Arguments required to run WEPP. These may vary by pathogens and can be placed within each pathogen-specific directory inside pathogens_for_wepp, e.g. data/pathogens_for_wepp/<pathogen_name>/config.yaml. See Data Organization.

  1. PRIMER_BED - BED file for primers, which should be present in the WEPP/primers directory.
  2. MIN_AF - Alleles with an allele frequency below this threshold in the reads will be masked.
  3. MIN_DEPTH - Sites with read depth below this threshold will be masked.
  4. MIN_Q - Alleles with a Phred score below this threshold in the reads will be masked.
  5. MAX_READS - Maximum number of reads considered by WEPP from the sample. Helpful in reducing runtime.
  6. CLADE_LIST - List the clade annotation schemes stored in the MAT. SARS-CoV-2 MAT uses both nextstrain and pango lineage naming systems, so use "nextstrain,pango" for it.
  7. CLADE_IDX - Index used for assigning clades to selected haplotypes from MAT. Use '1' for Pango naming and '0' for Nextstrain naming for SARS-CoV-2. Other pathogens usually follow a single lineage annotation system, so work with '0'. In case of NO lineage annotations, use '-1'. Lineage Annotations could be checked by running: "matUtils summary -i {TREE} -C {FILENAME}" -> Use '0' for annotation_1 and '1' for annotation_2.

⚠️ Example of pathogen specific config.yaml can be found in the Quick Start.

metaWEPP requires KRAKEN_DB and DIR to be specified as command-line config arguments. Other parameters can also be provided via the config file. It also accepts --cores to control the number of threads used during execution, and uses --resources mess_slots=1 to ensure the MeSS pipeline runs serially, preventing concurrency-related issues.

Examples:

  1. Using all parameters from the config file:
snakemake --config KRAKEN_DB=test_kraken_DB DIR=simulated_metagenomic_sample --resources mess_slots=1 --cores 32
  1. Overriding CLADE_IDX and SIMULATE_TOOL through the command line:
snakemake --config KRAKEN_DB=test_kraken_DB DIR=simulated_metagenomic_sample CLADE_IDX=1 SIMULATE_TOOL=MESS --resources mess_slots=1 --cores 32

Mutation-annotated trees (MAT) for different pathogens are maintained by the UShER team, which can be found here. You can also create your own MAT for any pathogen from the consensus genome assemblies using viral_usher.

Building Kraken Database

Users can either download prebuilt databases available online or create custom ones using their genomes.

Step 1: Get the link of .tar.gz file of the genome collection you want from here. Download the database using either wget or curl command.

Step 2: Unzip the downloaded database in a new directory using tar.

tar -xzf file.tar.gz

Step 1: Install the taxonomy. This is necessary for building a Kraken database. Replace "$DBNAME" above with your preferred database name.

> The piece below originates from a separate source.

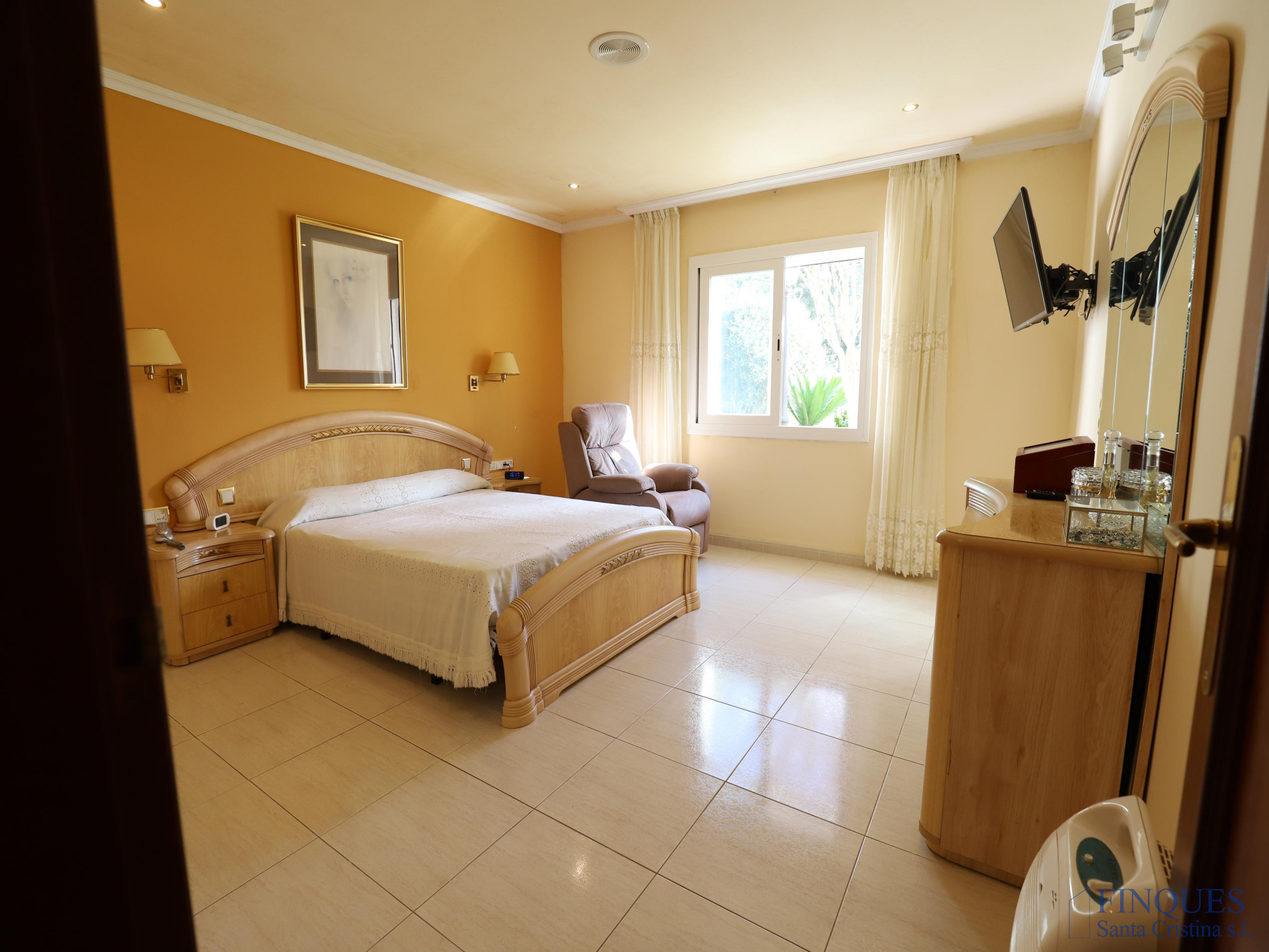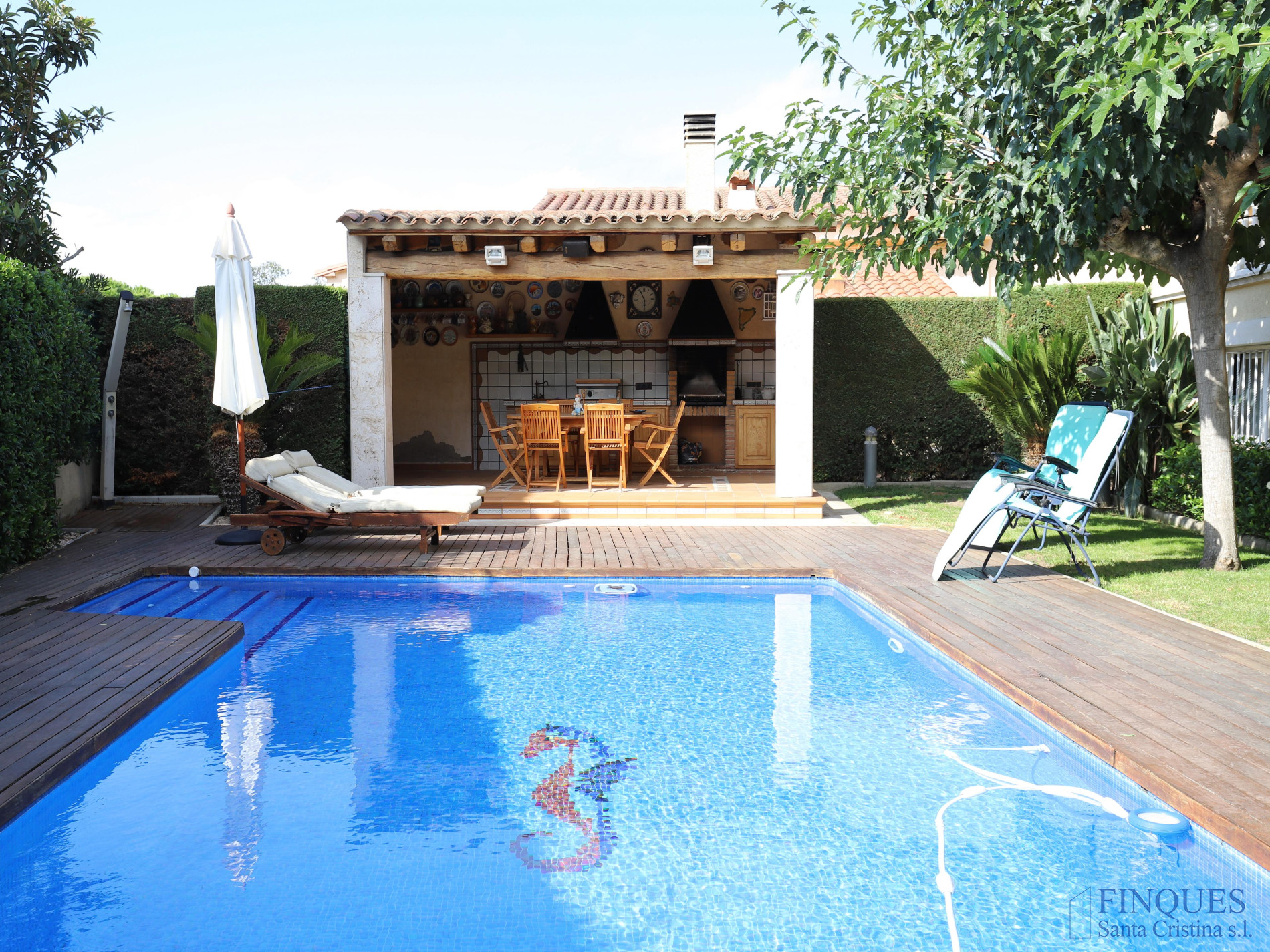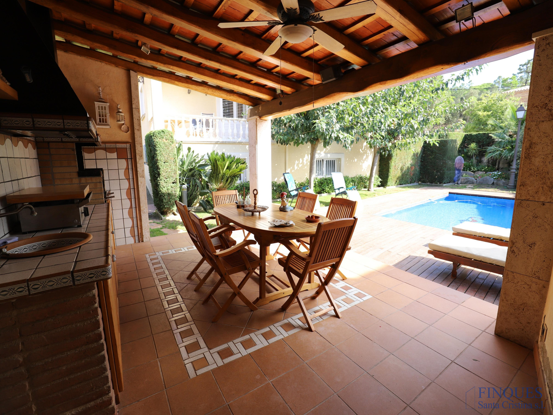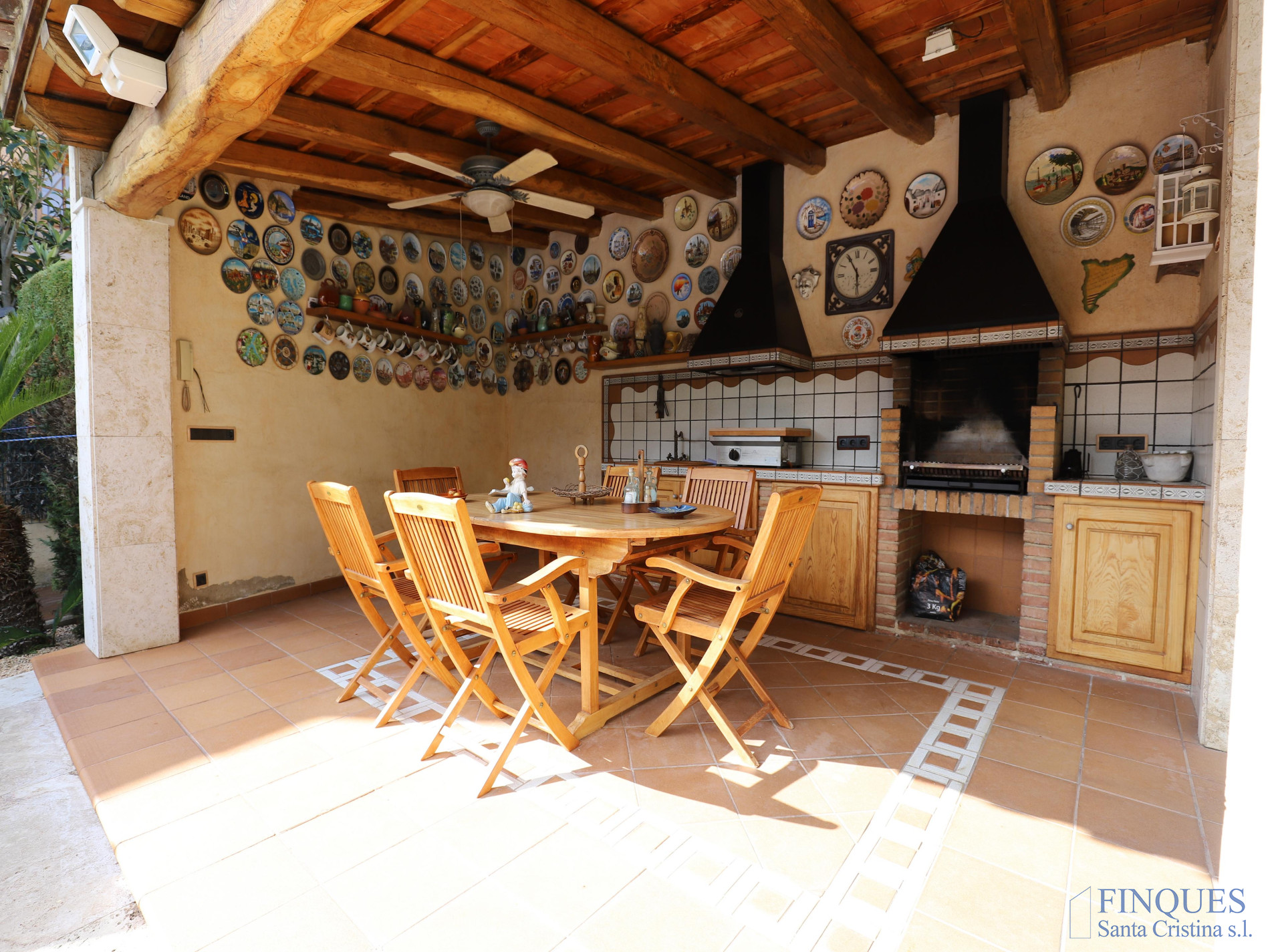 Santa Cristina d’Aro – Urbanización Mas Trempat. Casa toda en una sola planta principal, con planta sótano comunicada mediante escalera interior. La planta baja se distribuye en un amplio porche que da acceso al recibidor, salón-comedor y cocina independiente totalmente equipada, con chimenea y salida a un balcón y a la zona de lavandería. Dispone de cuatro habitaciones dobles, una de ellas tipo suite con vestidor y baño completo con bañera y ducha de hidromasaje, además de un segundo baño completo. En el exterior encontramos un jardín con piscina, porche con cocina de verano y barbacoa, y en la parte posterior, una zona habilitada como trastero. La planta sótano cuenta con un amplio garaje, sala de máquinas y baño completo. La vivienda está equipada con cierres de aluminio, calefacción de gasoil por suelo radiante y aire acondicionado mediante splits.

kraken2-build --download-taxonomy --db $DBNAME

Step 2: Add sequences to the database's genome library.

kraken2-build --add-to-library <reference_genomes.fa> --db $DBNAME

Step 3: Build the database.

kraken2-build --build --db $DBNAME

You can also customize kmer lengths with --kmer-len and --minimizer-len. For example,

kraken2-build --build --db $DBNAME --kmer-len 21 --minimizer-len 15

⚠️ If you would like to save disk memory, perform the following commands:

rm -rf test_kraken_DB/taxonomy 
rm -rf test_kraken_DB/library  

More information about creating custom databases can be found here.